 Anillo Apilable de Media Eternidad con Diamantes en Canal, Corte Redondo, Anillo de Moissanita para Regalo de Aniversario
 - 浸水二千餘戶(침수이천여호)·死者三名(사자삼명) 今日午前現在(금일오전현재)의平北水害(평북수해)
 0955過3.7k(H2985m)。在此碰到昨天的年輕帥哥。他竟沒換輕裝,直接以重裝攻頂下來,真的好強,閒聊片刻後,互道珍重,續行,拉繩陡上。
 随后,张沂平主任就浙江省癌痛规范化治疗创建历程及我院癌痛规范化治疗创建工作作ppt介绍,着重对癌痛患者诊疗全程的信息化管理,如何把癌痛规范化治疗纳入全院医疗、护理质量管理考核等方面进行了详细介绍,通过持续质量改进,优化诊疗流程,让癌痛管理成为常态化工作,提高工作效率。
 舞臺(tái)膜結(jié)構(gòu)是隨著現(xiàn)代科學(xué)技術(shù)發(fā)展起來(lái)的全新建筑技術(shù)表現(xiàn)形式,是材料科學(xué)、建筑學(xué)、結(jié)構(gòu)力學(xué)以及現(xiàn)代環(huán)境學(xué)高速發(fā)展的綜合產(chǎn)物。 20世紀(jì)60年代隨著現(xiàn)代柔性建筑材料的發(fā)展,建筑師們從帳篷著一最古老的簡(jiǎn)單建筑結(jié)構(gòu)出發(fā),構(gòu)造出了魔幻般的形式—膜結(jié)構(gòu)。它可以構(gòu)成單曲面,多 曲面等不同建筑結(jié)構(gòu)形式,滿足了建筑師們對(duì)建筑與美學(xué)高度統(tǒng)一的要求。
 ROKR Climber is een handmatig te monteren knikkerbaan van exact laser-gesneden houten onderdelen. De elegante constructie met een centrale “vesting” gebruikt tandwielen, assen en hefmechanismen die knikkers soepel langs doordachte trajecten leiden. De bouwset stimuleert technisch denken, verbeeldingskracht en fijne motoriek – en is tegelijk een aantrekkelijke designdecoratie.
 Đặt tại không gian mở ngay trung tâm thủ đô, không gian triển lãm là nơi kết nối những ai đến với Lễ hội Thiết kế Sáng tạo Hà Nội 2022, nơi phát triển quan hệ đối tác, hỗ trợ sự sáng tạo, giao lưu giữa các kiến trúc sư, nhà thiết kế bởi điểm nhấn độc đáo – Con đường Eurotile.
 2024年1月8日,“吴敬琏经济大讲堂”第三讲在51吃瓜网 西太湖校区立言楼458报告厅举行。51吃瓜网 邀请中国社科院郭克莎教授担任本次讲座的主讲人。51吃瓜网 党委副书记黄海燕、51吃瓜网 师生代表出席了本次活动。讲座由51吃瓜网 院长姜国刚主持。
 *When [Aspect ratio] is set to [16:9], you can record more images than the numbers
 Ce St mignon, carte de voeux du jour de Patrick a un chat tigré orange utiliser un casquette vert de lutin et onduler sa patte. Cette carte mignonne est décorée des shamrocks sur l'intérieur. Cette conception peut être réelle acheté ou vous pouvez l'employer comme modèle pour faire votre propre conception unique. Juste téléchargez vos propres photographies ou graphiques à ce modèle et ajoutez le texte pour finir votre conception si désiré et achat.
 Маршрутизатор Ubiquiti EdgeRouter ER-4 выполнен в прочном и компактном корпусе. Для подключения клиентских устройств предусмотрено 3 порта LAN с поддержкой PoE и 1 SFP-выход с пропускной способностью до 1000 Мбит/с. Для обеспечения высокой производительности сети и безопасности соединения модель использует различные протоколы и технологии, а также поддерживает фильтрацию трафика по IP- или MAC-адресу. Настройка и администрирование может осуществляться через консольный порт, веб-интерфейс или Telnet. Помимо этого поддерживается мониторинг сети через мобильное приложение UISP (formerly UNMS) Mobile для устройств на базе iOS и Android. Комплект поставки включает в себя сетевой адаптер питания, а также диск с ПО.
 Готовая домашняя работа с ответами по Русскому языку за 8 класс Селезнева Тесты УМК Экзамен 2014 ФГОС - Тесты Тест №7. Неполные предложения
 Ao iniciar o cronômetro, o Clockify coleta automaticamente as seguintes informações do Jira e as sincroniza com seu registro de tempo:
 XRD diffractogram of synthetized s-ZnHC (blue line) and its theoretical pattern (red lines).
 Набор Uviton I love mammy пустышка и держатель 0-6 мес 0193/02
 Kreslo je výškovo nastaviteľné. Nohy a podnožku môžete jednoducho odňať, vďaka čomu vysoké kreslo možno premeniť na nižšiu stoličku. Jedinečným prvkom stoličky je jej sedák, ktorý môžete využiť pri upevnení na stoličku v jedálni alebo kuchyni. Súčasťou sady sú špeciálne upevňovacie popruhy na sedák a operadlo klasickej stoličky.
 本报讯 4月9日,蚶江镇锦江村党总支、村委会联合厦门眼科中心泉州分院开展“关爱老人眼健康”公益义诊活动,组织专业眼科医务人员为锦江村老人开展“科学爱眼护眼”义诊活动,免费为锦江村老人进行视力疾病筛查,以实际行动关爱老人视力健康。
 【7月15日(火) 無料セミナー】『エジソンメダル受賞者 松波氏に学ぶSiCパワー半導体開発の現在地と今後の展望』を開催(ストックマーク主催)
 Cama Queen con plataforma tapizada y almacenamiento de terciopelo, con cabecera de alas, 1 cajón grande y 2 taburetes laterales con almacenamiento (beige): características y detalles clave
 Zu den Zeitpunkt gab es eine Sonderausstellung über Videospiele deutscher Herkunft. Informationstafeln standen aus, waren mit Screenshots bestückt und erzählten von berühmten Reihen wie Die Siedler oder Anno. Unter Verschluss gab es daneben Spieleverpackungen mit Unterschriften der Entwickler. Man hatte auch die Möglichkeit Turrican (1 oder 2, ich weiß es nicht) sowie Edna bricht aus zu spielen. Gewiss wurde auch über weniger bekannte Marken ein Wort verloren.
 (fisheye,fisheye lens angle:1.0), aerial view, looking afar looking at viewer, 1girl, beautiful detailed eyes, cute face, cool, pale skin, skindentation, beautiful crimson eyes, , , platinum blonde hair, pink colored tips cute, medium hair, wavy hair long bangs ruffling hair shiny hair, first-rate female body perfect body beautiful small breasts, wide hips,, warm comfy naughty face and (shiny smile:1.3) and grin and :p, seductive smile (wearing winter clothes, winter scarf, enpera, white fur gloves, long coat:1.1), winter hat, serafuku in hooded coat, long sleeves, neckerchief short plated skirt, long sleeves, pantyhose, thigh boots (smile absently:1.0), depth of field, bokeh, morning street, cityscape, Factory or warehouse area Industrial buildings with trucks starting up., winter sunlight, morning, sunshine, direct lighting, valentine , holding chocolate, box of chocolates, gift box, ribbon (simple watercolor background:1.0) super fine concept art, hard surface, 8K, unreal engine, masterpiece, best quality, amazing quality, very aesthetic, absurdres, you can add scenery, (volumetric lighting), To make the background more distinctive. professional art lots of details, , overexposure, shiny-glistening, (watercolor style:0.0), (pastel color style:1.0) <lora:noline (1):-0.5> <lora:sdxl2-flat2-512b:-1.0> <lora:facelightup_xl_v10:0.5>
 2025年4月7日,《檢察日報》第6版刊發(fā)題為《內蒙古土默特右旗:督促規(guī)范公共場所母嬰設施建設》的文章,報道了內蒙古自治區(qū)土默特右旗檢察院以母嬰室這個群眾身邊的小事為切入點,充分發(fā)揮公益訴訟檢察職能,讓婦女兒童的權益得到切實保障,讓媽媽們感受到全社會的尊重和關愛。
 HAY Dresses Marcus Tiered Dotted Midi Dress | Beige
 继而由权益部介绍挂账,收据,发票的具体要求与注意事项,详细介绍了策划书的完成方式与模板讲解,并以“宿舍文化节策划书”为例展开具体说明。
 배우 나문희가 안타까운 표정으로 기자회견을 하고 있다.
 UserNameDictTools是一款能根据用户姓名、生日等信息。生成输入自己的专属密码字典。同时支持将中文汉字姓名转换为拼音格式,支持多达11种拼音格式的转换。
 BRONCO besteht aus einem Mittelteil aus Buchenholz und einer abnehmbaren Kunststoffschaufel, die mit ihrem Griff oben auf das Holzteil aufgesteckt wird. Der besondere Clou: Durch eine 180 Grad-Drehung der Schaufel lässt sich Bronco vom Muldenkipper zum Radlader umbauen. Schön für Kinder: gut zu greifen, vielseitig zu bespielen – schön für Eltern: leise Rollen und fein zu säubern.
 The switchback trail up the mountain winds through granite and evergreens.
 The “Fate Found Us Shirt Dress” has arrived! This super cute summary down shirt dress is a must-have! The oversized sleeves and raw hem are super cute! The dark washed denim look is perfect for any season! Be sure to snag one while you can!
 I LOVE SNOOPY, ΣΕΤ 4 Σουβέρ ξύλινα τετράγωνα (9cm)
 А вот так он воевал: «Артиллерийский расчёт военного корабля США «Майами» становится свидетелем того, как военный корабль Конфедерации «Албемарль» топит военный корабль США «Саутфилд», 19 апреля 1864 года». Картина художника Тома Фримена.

###

Copy the lines above exactly, beginning at the line that has "XRD diffractogram of" and stopping after the line that has "Набор Uviton I", and omit the rest.

 XRD diffractogram of synthetized s-ZnHC (blue line) and its theoretical pattern (red lines).
 Набор Uviton I love mammy пустышка и держатель 0-6 мес 0193/02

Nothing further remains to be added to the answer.